DAC6 is an EU Directive that requires “intermediaries” — such as asset managers — and taxpayers to disclose to their local tax authorities arrangements they are involved in which display one or more specified “hallmarks”. The primary obligation to report falls on the intermediary, but if the intermediary does not report for some reason (for example, the intermediary is a law firm that cannot be required to report because of legal professional privilege), the reporting obligation falls back on to the taxpayer. For example, an asset manager in an EU Member State advising a fund in relation to a transaction that displays a DAC6 hallmark is an intermediary of the taxpayer fund and therefore must disclose details of the transaction to its local tax authority. If the asset manager failed to report, the taxpayer fund would then have a secondary reporting obligation. Although intended to enable tax authorities to identify “tax avoidance” transactions, some of the hallmarks are widely drawn, and so DAC6 may require disclosure of a number of common commercial transactions. The first DAC6 reporting deadline fell on 31 January 2021, for disclosure of all reportable arrangements where the reporting trigger occurred in the period 25 June 2018 to 31 December 2020.

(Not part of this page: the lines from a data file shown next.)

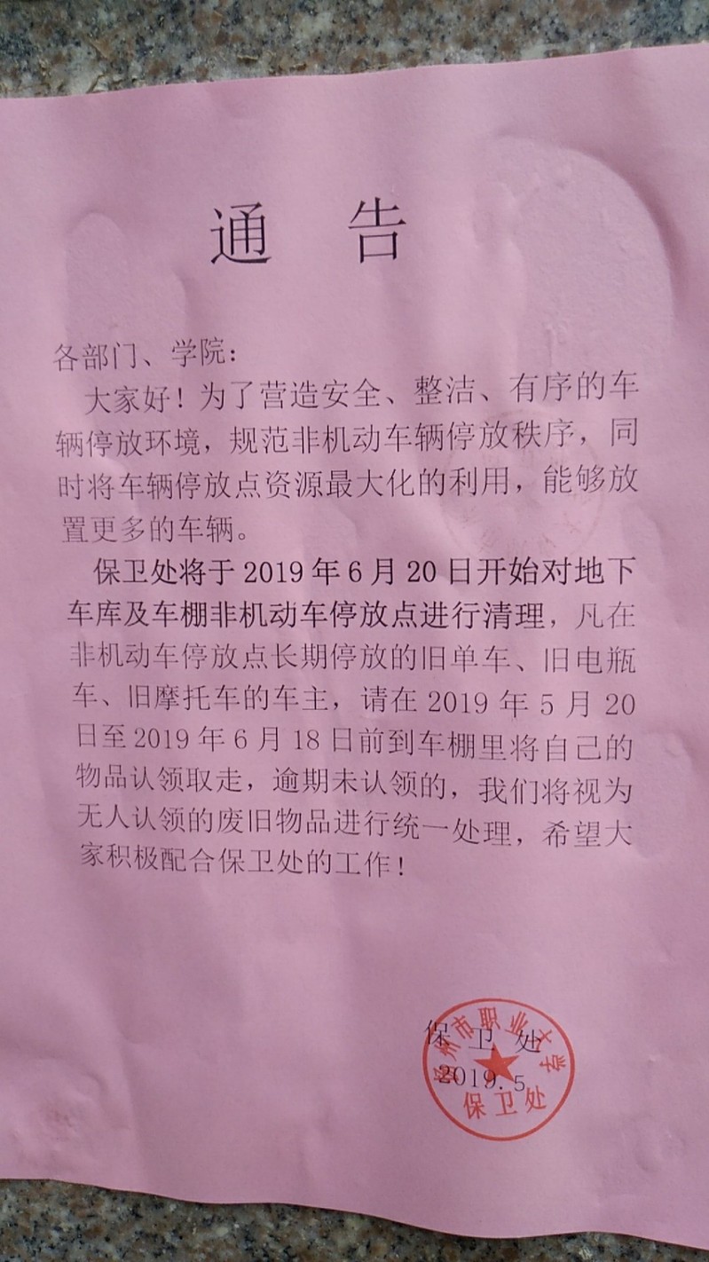 清理废旧车辆通告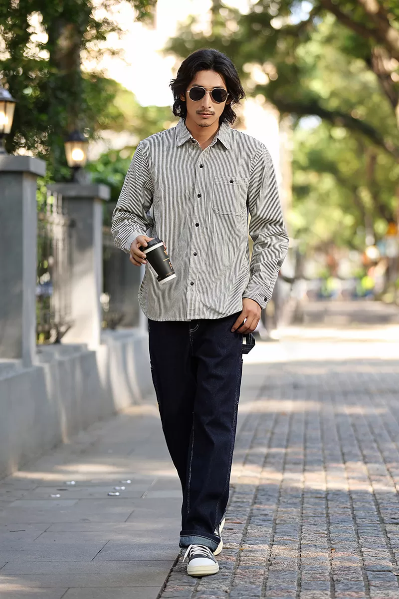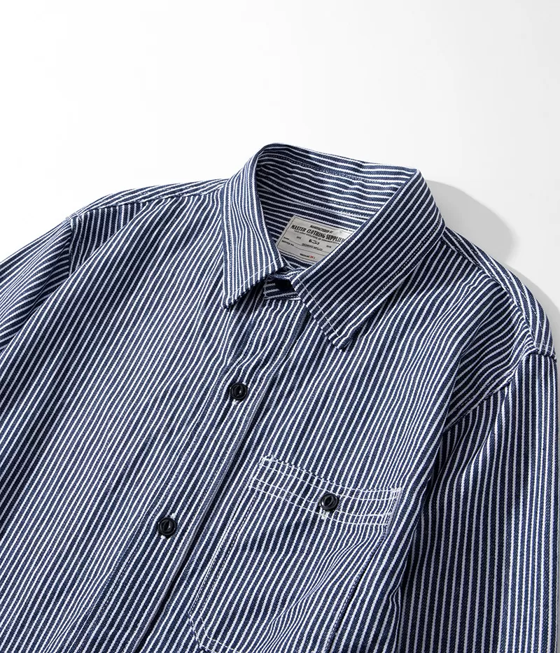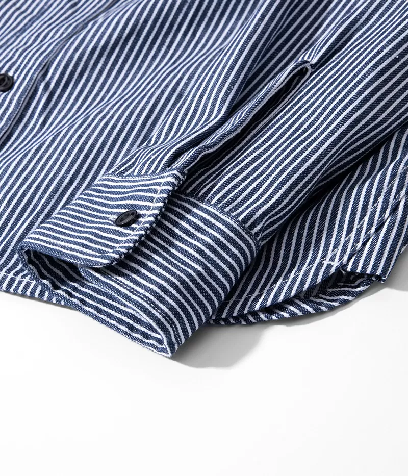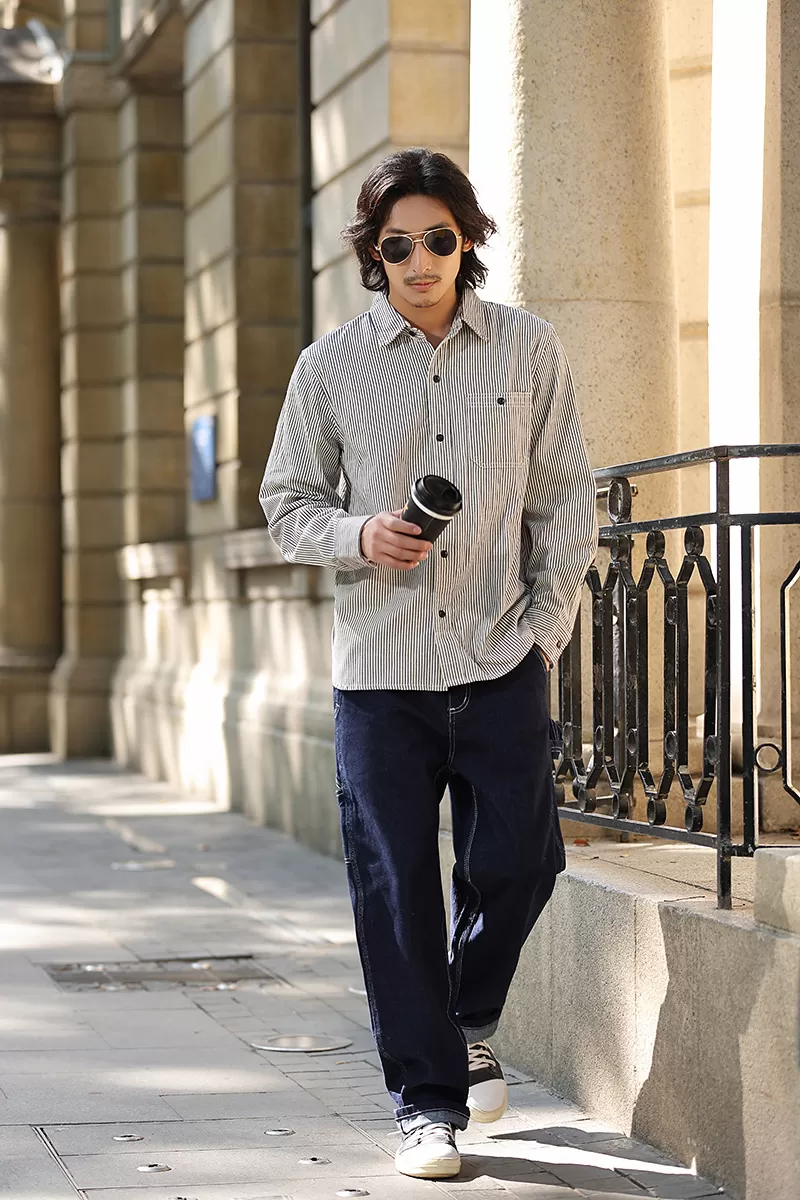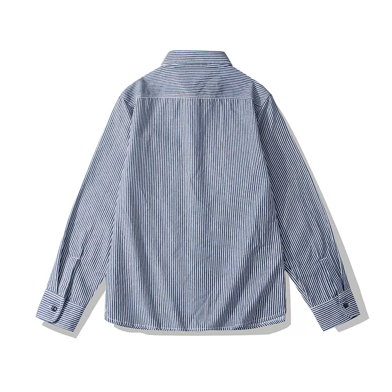 Vertical Striped Single Bag Shirt Men's Retro Long Sleeve Vertical Striped Single Bag Shirt Men's Retro Long Sleeve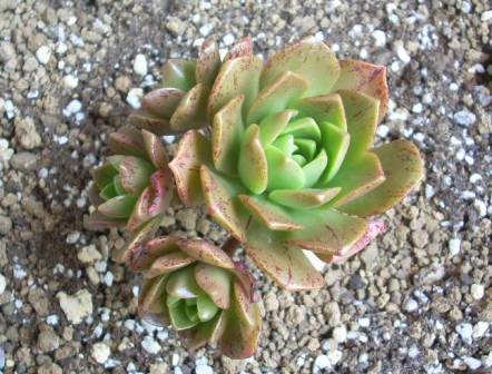 JUGEMテーマ:多肉植物 伊達法師 今年の大寒波でダメにしてしまった伊達法師。 やっと手に入れましたよ! 今回のは肉厚で葉に茶色のまだら模様もあります。 大きさは全体が6cmほどの小さな苗です。 子株が3つついてます。 今度こそ大株に育ててみせます! プリドニス この子も新入りさん。 道の駅で購入のエケベリア・プリドニス。 調べてみると花うららのこと? 花うららの原種と書いてあったり? よく分からないです。 これ大きめのが4頭ついてて200円でした〜♪ これがはずした...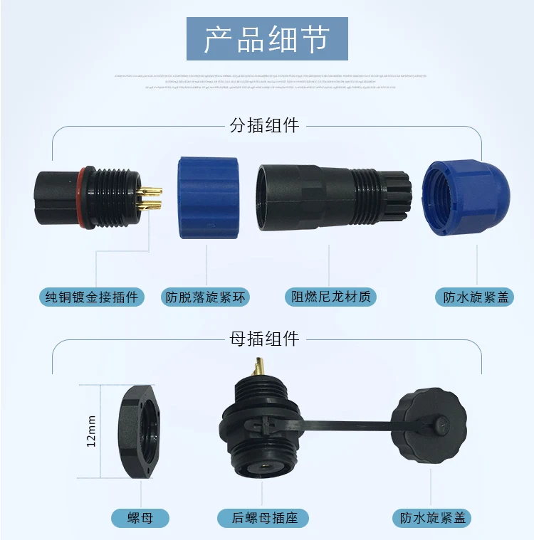 Waterproof connector aviation plug male and female rear nut socket connector...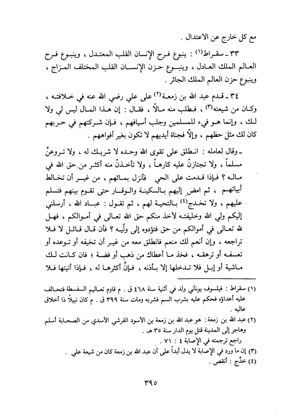 33- سقراط «1» : ينبوع فرح الإنسان القلب المعتدل، وينبوع فرح العالم الملك العادل، وينبوع حزن الإنسان القلب المختلف المزاج، وينبوع حزن العالم الملك الجائر.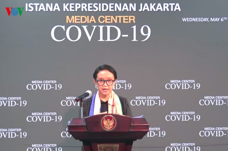Cuộc họp trực tuyến giữa Ngoại trưởng Indonesia, bà Retno Marsudi và Ngoại trưởng Trung Quốc, Vương Nghị. (Ảnh: Bộ Ngoại giao Indonesia)

Previously, the United Kingdom had announced that, despite Brexit, it would implement DAC6 in full in the United Kingdom. Now, however, in a surprise development, the United Kingdom will only require disclosure of arrangements that display one of the ‘Category D’ hallmarks — either an arrangement that may have the effect of undermining reporting obligations under the OECD Common Reporting Standard (CRS) or an arrangement that is structured in such a way that beneficial owners cannot be identified. This is a very significant limitation on the scope of the obligation — the Category D hallmarks are only two of 19 DAC6 hallmarks in total and are very unlikely to arise in practice — and as a result DAC6 should broadly cease to be applicable to UK asset managers. HMRC has also indicated that, following the decision only to implement DAC6 to this very limited extent, it will soon bring forth legislation to replace DAC6 reporting obligations with the reporting obligations required by the OECD’s Mandatory Disclosure Regime (which would again only require disclosure of arrangements with hallmarks broadly similar to the two Category D hallmarks).

The removal of DAC6 disclosure obligations from UK intermediaries such as UK asset managers is clearly good news. However, UK managers managing EU funds or with subsidiaries or operations in EU Member States need to recognise that (now that there are no UK DAC6 reporting obligations), where the fund enters into arrangements that display a DAC6 hallmark, DAC6 reporting obligations will fall on the fund itself or on a management subsidiary in an EU Member State. For larger management groups with operations in other EU jurisdictions, or for UK managers managing EU-based funds, this is likely to mean that DAC6 compliance has not gone away. The UK manager may still have to take a leadership role in DAC6 analysis and in ensuring that appropriate DAC6 reports are made in the relevant EU jurisdictions, whether that is by the (taxpayer) EU fund or its own management subsidiaries.